## Your objective:
A verbatim copy of every record is required, and no pictures should be included.

## Task material:

*** Begin section ***

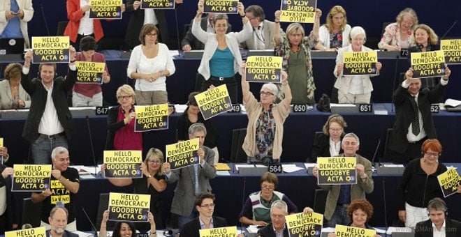 HacÃa ya tiempo que no hablábamos de esas leyes que pretenden regular internet y que se convierten en una manera de tener bajo llave la libertad de expresión de los ciudadanos, que habÃan encontrado en la red el medio más voraz para lanzar sus opiniones y conseguir que el mundo hablase de lo que a ellos de verdad les importa. Y si en España tuvimos la nuestra que se aprobó por detrás, casi sin previo aviso que afectaba sobre todo a la descarga de contenidos, en EE.UU tuvieron a SOPA, en Europa nos quedaba ACTA que ataca directamente a las publicaciones online.
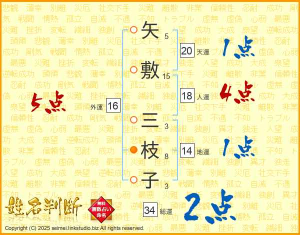 矢敷三枝子さんの総運は34画の2点!
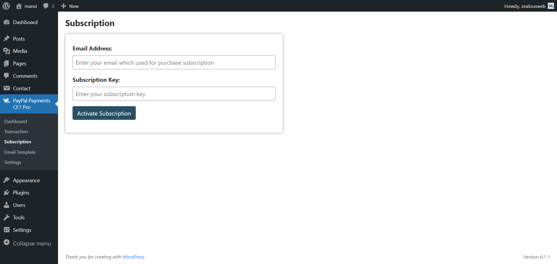 ZealousWeb offers its services to look into the compatibility of Accept PayPal Payments using Contact Form 7 Pro with a third-party Add-on within 30 days of support if the task is of less complexity. We do not assure the compatibility of the Contact Form 7 - PayPal Addon Pro with any other third-party Addon. Kindly note that you will be charged extra for more complex compatibility issues of Contact Form 7 - PayPal Addon Pro with third-party Addon; our team will charge extra. Additionally, the complexity of the tasks will solely be decided by and will be at the discretion of ZealousWeb Technologies Pvt. Ltd. If you have any problems, questions, or issues about this plugin, please submit a support request, and we shall get back to you quickly.
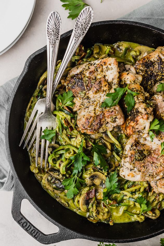 Delicious low-carb noodles enveloped in a dairy-free mushroom sauce.
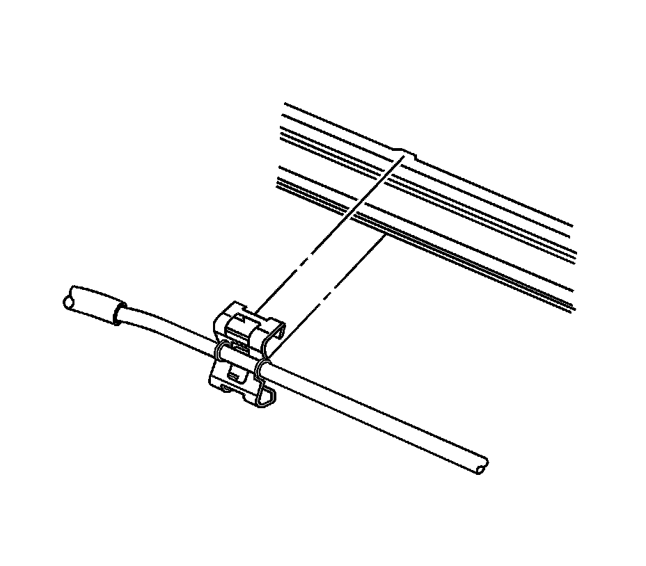 4. Install the park brake cable to the track bar and secure in place with the clips. Verify the clips are installed between the locators on the track bar (1500 series).

*** End section ***

## Completed exercise:
 HacÃa ya tiempo que no hablábamos de esas leyes que pretenden regular internet y que se convierten en una manera de tener bajo llave la libertad de expresión de los ciudadanos, que habÃan encontrado en la red el medio más voraz para lanzar sus opiniones y conseguir que el mundo hablase de lo que a ellos de verdad les importa. Y si en España tuvimos la nuestra que se aprobó por detrás, casi sin previo aviso que afectaba sobre todo a la descarga de contenidos, en EE.UU tuvieron a SOPA, en Europa nos quedaba ACTA que ataca directamente a las publicaciones online.
 矢敷三枝子さんの総運は34画の2点!
 ZealousWeb offers its services to look into the compatibility of Accept PayPal Payments using Contact Form 7 Pro with a third-party Add-on within 30 days of support if the task is of less complexity. We do not assure the compatibility of the Contact Form 7 - PayPal Addon Pro with any other third-party Addon. Kindly note that you will be charged extra for more complex compatibility issues of Contact Form 7 - PayPal Addon Pro with third-party Addon; our team will charge extra. Additionally, the complexity of the tasks will solely be decided by and will be at the discretion of ZealousWeb Technologies Pvt. Ltd. If you have any problems, questions, or issues about this plugin, please submit a support request, and we shall get back to you quickly.
 Delicious low-carb noodles enveloped in a dairy-free mushroom sauce.
 4. Install the park brake cable to the track bar and secure in place with the clips. Verify the clips are installed between the locators on the track bar (1500 series).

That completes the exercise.